● Exercise aim
Restate word for word only the lines from the one with "Wallpaper Adult beautiful" through the end of the records; no pictures belong in the copy.

(Extracted material Opens)

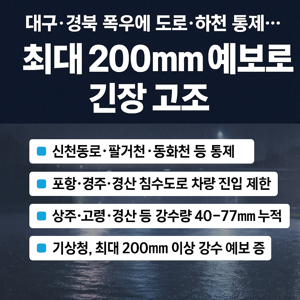 대구시와 경상북도는 비상대응 체제를 유지하고 있으며, 도로 및 하천 주변 접근 금지, 지하차도·저지대 회피, 긴급 문자를 통한 이동 자제 권고가 이어지고 있습니다.
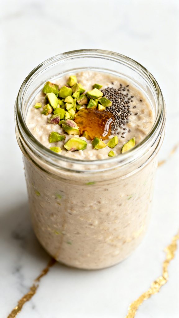 In the morning, stir the chilled oats. If they are too thick, mix in 1–2 tablespoons milk. Top with extra chopped pistachios and a drizzle of maple syrup if desired.
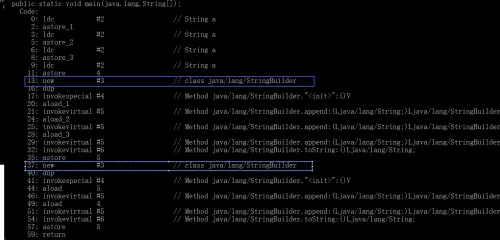 我们可以通过javap命令来查看以上字节码文件的指令如下:我们会发现只帮助我们new了2个StringBuilder对象。我们可以得到如下结论:对于此处的str = str + “a”,编译器会处理为new StringBuilder().append(str).append(“a”),不管一次性+几个字符串,只要+拼接全部在一条语句中,就只会new一次,循环中+拼接被断成了十万条语句,那自然就会new十万次。
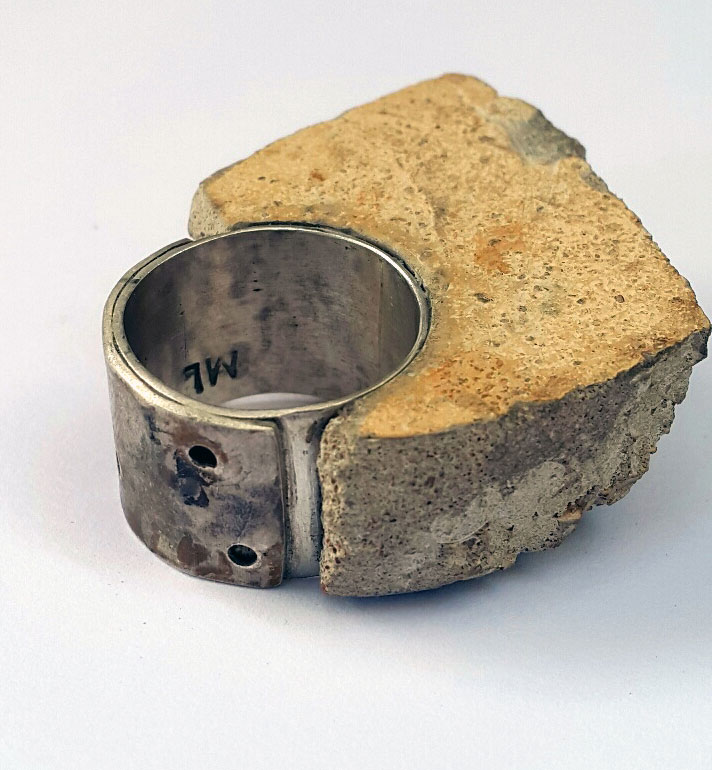 The criterion in which elements works together as a piece of jewellery takes shape. I never start out with a sketch and design in place but rather just start with what there is to work with, a vague idea that starts growing and let the piece dicate what it wants to become. In this case, I have a bit of concrete and a diamond. I know I want to "grow" a ring with concrete and a diamond. That is for me the start of a wonderous new world.
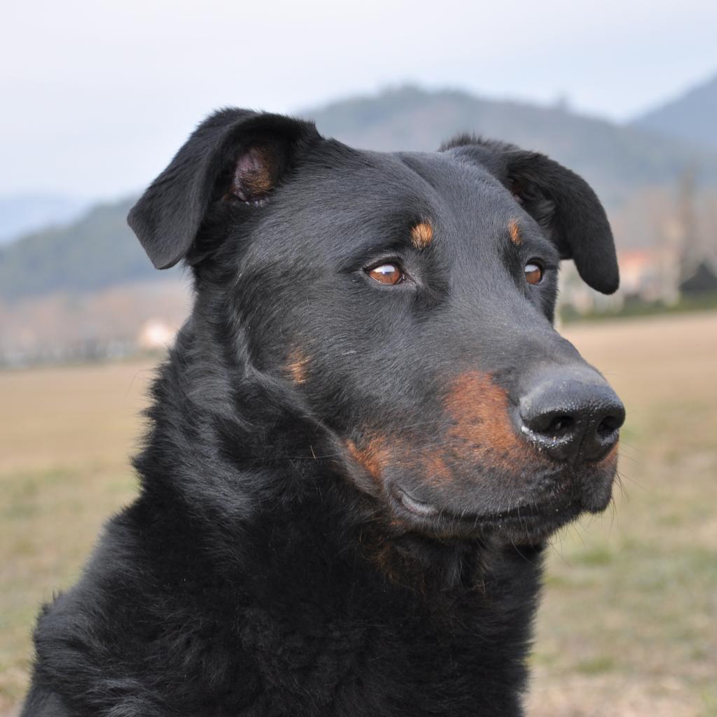 Wallpaper Adult beautiful Beauceron lies on lawn
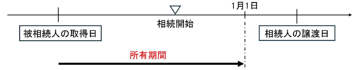 相続や遺贈により取得した財産を譲渡した場合の取得日は、被相続人が取得した日をそのまま相続人に引き継ぐものとされています。そのため、被相続人が取得した日から相続人が譲渡した年の 1 月 1 日までの所有期間で譲渡所得の区分を判定します。
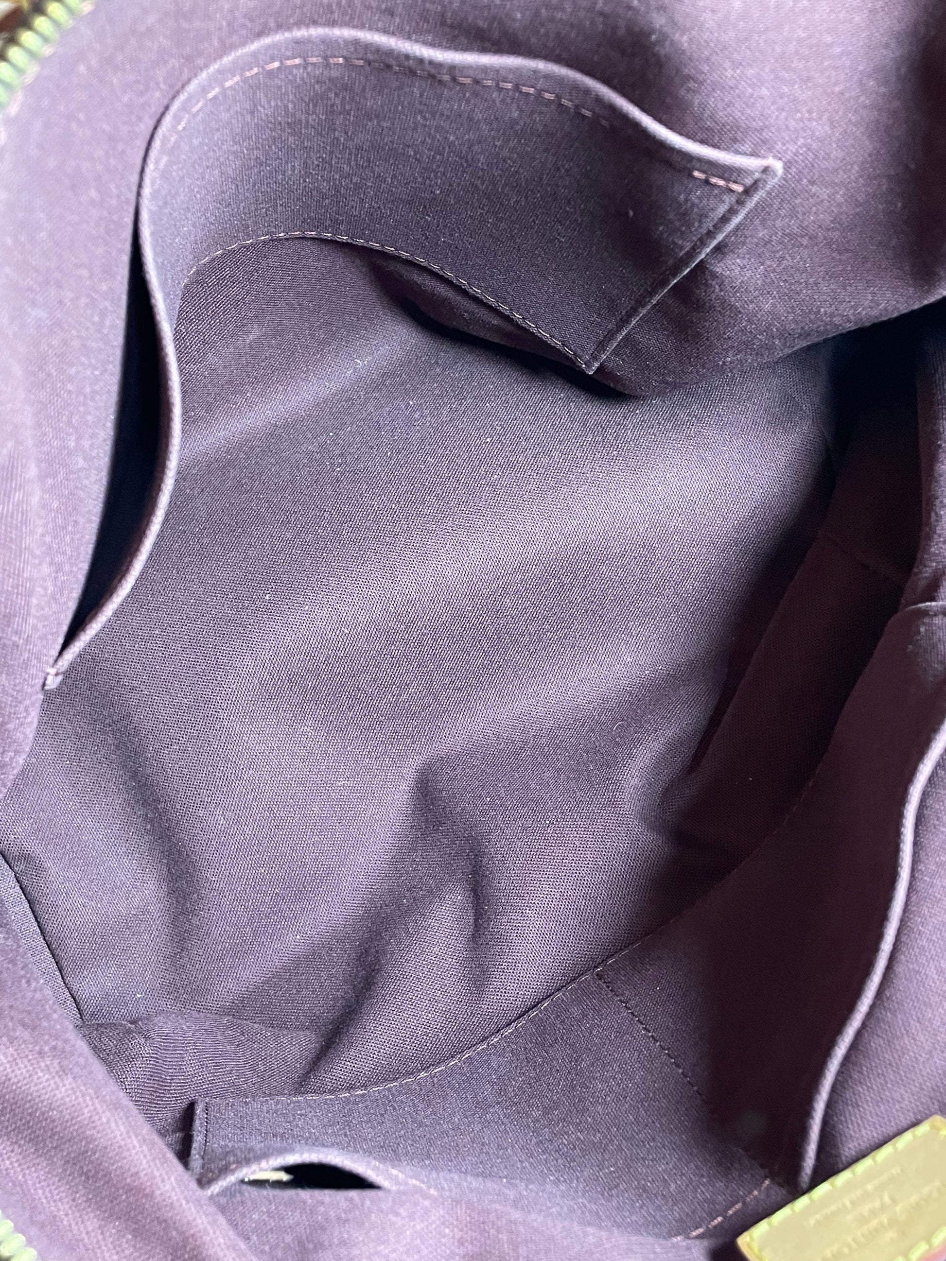 This is a beautiful bag in fantastic condition. The canvas is in lovely condition. The leather has developed a light patina with some darkening to the carry handles and water spots to the front tag. The carry strap has some creasing and darkening where the metal sits.
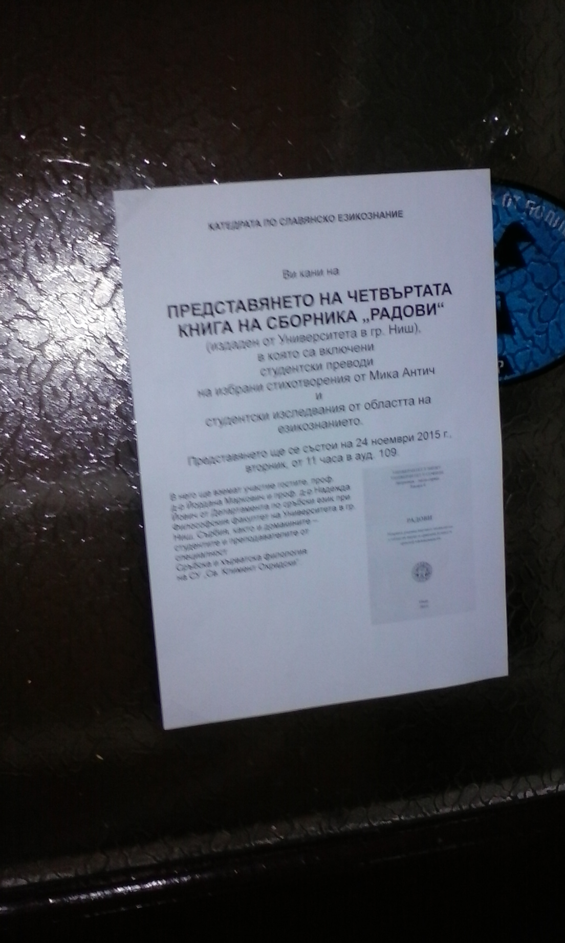 У оквиру сарадње између нишког и софијског универзитета, проф. др Јордана Марковић, проф. др Надежда Јовић и мр Татјана Трајковић, са Департмана за српски језик, дана 24. 11. 2015. боравиле су на Универзитету «Св. Климент Охридски». Том приликом промовисан је зборник Радови, у којем су штампани радови студената ова два универзитета, а разговарано је и о другим видовима сарадње.
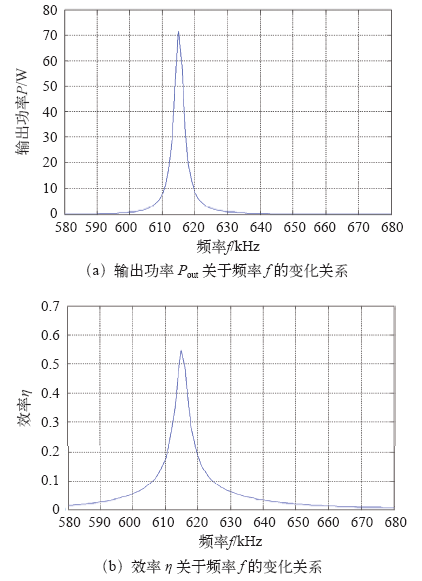 由图5可知,在谐振频率点下,输出功率和效率同时达到最大值。

(Extracted material Closes)

● Solution
 Wallpaper Adult beautiful Beauceron lies on lawn
 相続や遺贈により取得した財産を譲渡した場合の取得日は、被相続人が取得した日をそのまま相続人に引き継ぐものとされています。そのため、被相続人が取得した日から相続人が譲渡した年の 1 月 1 日までの所有期間で譲渡所得の区分を判定します。
 This is a beautiful bag in fantastic condition. The canvas is in lovely condition. The leather has developed a light patina with some darkening to the carry handles and water spots to the front tag. The carry strap has some creasing and darkening where the metal sits.
 У оквиру сарадње између нишког и софијског универзитета, проф. др Јордана Марковић, проф. др Надежда Јовић и мр Татјана Трајковић, са Департмана за српски језик, дана 24. 11. 2015. боравиле су на Универзитету «Св. Климент Охридски». Том приликом промовисан је зборник Радови, у којем су штампани радови студената ова два универзитета, а разговарано је и о другим видовима сарадње.
 由图5可知,在谐振频率点下,输出功率和效率同时达到最大值。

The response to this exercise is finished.